The mechanisms presented below are used to ensure the secure use of the AceHub API.

All API requests must be made over HTTPS (TLS 1.2).

A Merchant connecting to the platform is identified by its Business ID (“businessId”). The Merchant can hold a sub-account which is referred to as its Store and identified by its (“storeId”).

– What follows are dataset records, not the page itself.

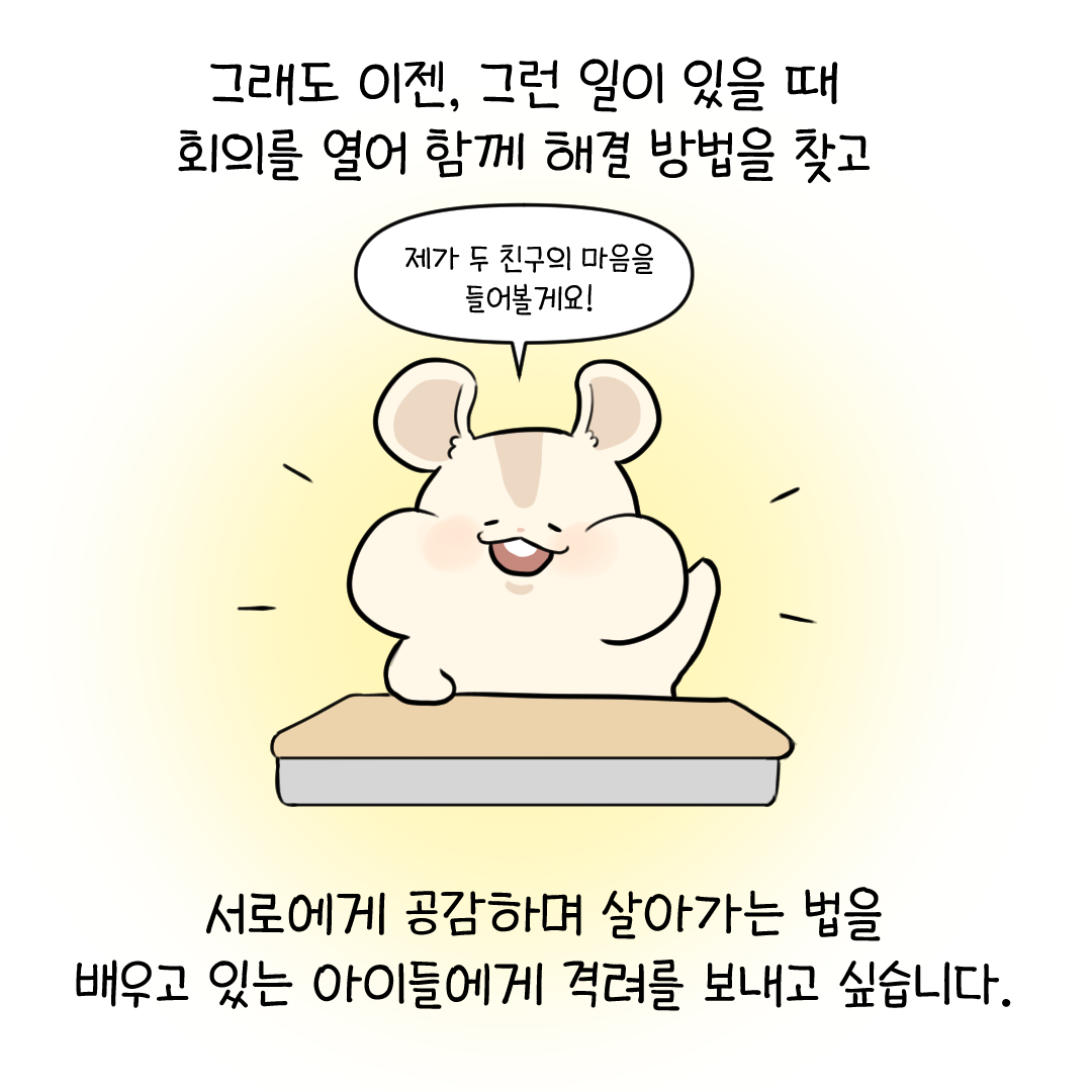 갈등이 일어났을 때 공감회의를 통해 해결해나가는 햄삐반을 칭찬하고 싶어요! :)
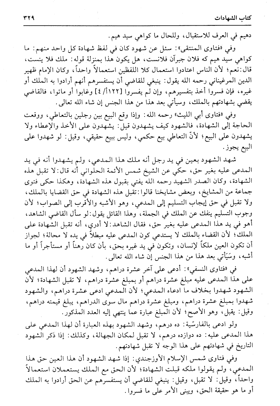 وفي «فتاوى المنتقى» : سئل عن شهود كان في لفظ شهادة كل واحد منهم: ما كواهي سيد هيم كه فلان جبرآن فلانست، هل يكون هذا بمنزلة قوله: ملك فلا ينست، قال: نعم؛ لأن الناس اعتادوا استعمال كلا اللفظين استعمالاً واحداً، وكان الإمام ظهير الدين المرغيناني رحمه الله يقول: ينبغي للقاضي أن يستفسرهم أنهم أرادوا به الملك أو غيره، فإن فسروا أخذ بتفسيرهم، وإن لم يفسروا (122أ4) وغابوا أو ماتوا، فالقاضي يقضي بشهادتهم بالملك، وسيأتي بعد هذا من هذا الجنس إن شاء الله تعالى.
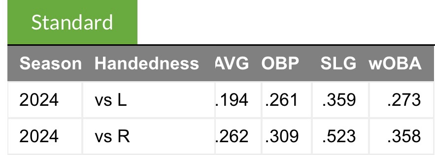 Ober has some reverse splits with righties performing considerably better against him than lefties as 8 of his 11 home runs allowed have been surrendered to RHH.
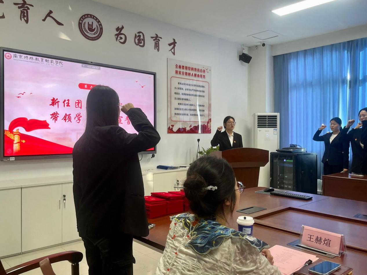 东风浩荡征帆满,豪情满怀谱新篇。新任团总支副书记王雯婕同学带领员工干部宣誓,积极表示要争做能吃苦、肯奋斗、有理想、敢担当的新时代特教先锋,为伟德体育的高质量发展贡献青春力量!
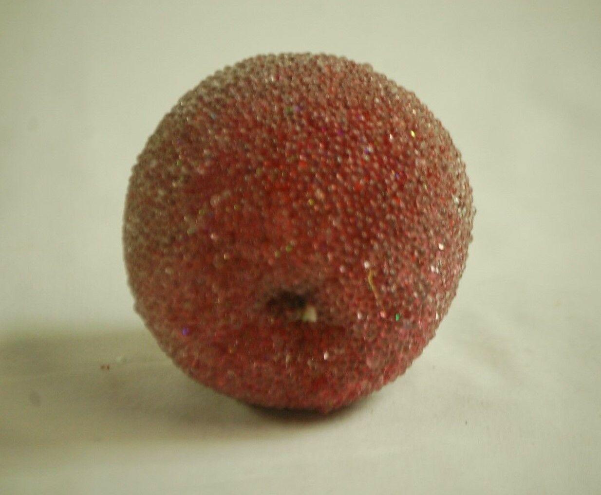 Old Vintage Sparkly Red Apple Shiny Beaded Christmas Ornament Bowl Display MCM b
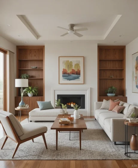 A Mid Century Modern living room blends simplicity, functionality, and timeless beauty.
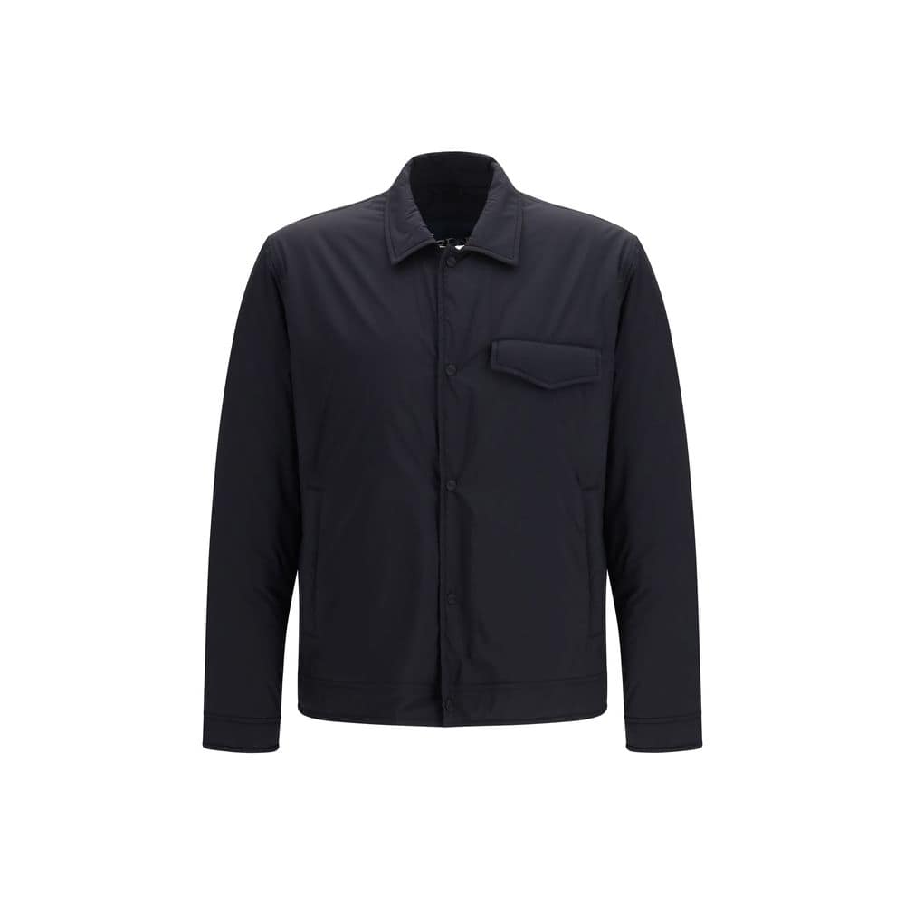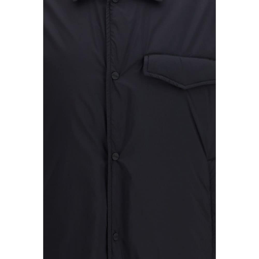 The recycled nylon microfiber Shacket by Herno combines functionality with contemporary style. Crafted from microfiber with a light reverse-side coating, it features a water-resistant, soft-touch, matte texture. The design includes soft padding, making it ideal for transitional seasons, along with a shirt collar, long sleeves, and buttoned cuffs. It is finished with a flap chest pocket, welt pockets, and snap-button front closure for practicality and refinement. The piece belongs to the Herno Globe Lab line, which highlights garments partially made with sustainable materials. Regular fit.
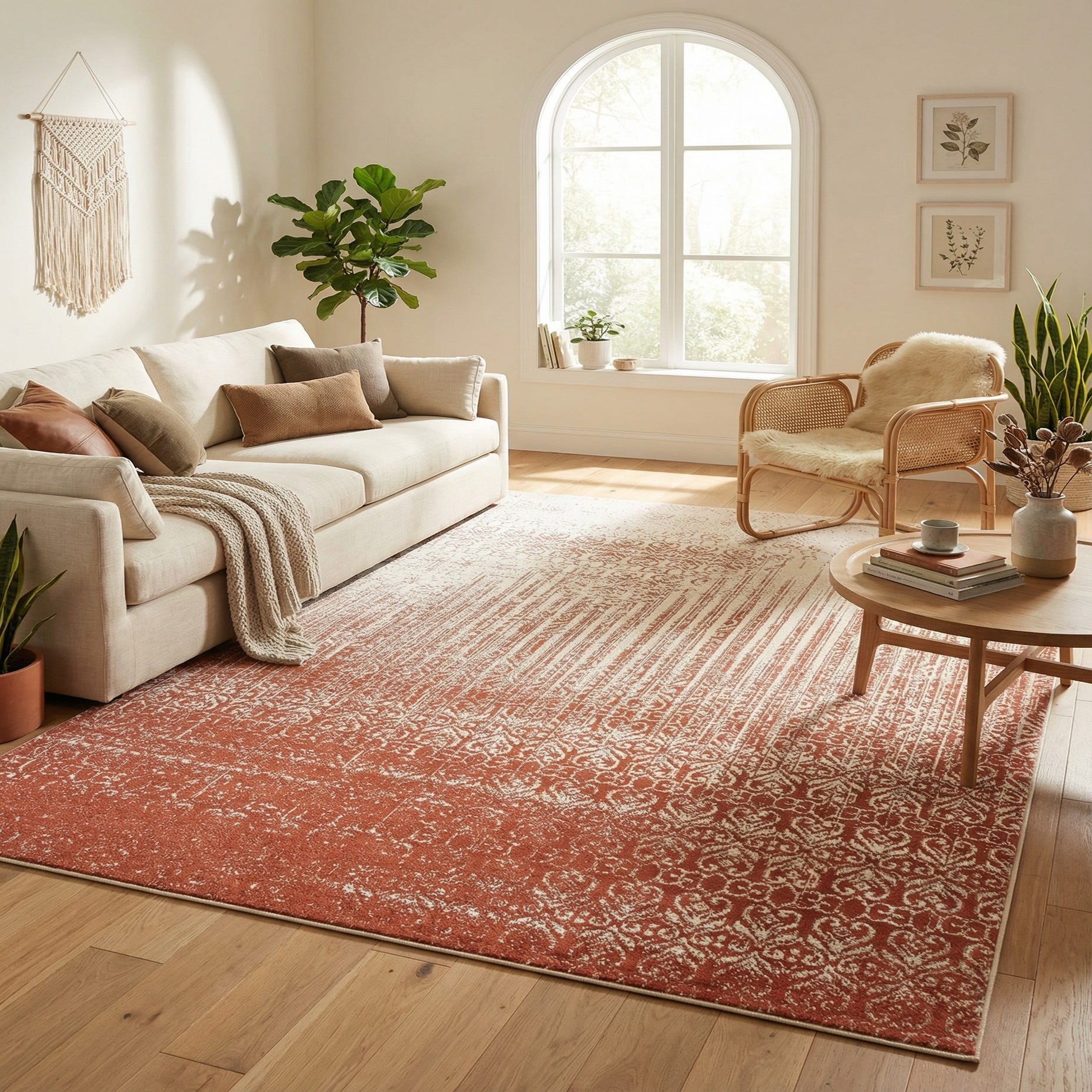 Primary color is Red. Colors in this rug include: Red, Beige, Terracotta, Light Brown.

You will receive your Business ID from your sales representative.

Basic Authentication

Merchants are able to authenticate on AceHub through the use of HTTP Basic Authentication. A username and a password will be provided and to be used to create the header field “Authorization” in the following way:

1. Combine the username and password into a string separated by a colon, e.g.: "username:password".
2. Base64 encode the resulting string using the RFC2045-MIME variant of Base64, except but not limited to 76 characters/line.
3. Put the word Basic in front of the encoded string. Please note the blank space in the example below.

Example:

Username: Aladdin
Password: OpenSesame
String to be Base64 encoded: Aladdin:OpenSesame
Base64 encoded string: QWxhZGRpbjpPcGVuU2VzYW1l
Authorization header: Basic QWxhZGRpbjpPcGVuU2VzYW1l

Security Ciphers

Supported Ciphers
TLS_ECDHE_RSA_WITH_AES_256_GCM_SHA384
TLS_ECDHE_RSA_WITH_AES_128_GCM_SHA256
TLS_ECDHE_RSA_WITH_AES_256_CBC_SHA
TLS_ECDHE_RSA_WITH_AES_128_CBC_SHA
TLS_ECDHE_RSA_WITH_AES_128_CBC_SHA256
TLS_RSA_WITH_AES_256_GCM_SHA384
TLS_RSA_WITH_AES_256_CBC_SHA256
TLS_RSA_WITH_AES_256_CBC_SHA
TLS_RSA_WITH_AES_128_CBC_SHA

PCI DSS Compliance

Our payment gateway complies with the Payment Card Industry (PCI) Data Security Standard (DSS). This worldwide information security standard is designed to help organization prevent credit card fraud by providing guidelines and controls around card data management.

If merchants are using the server-to-server integration, then they are required to comply with the PCI DSS guidelines.

If merchants want to avoid becoming PCI DSS compliant they should consider using our Checkout solution.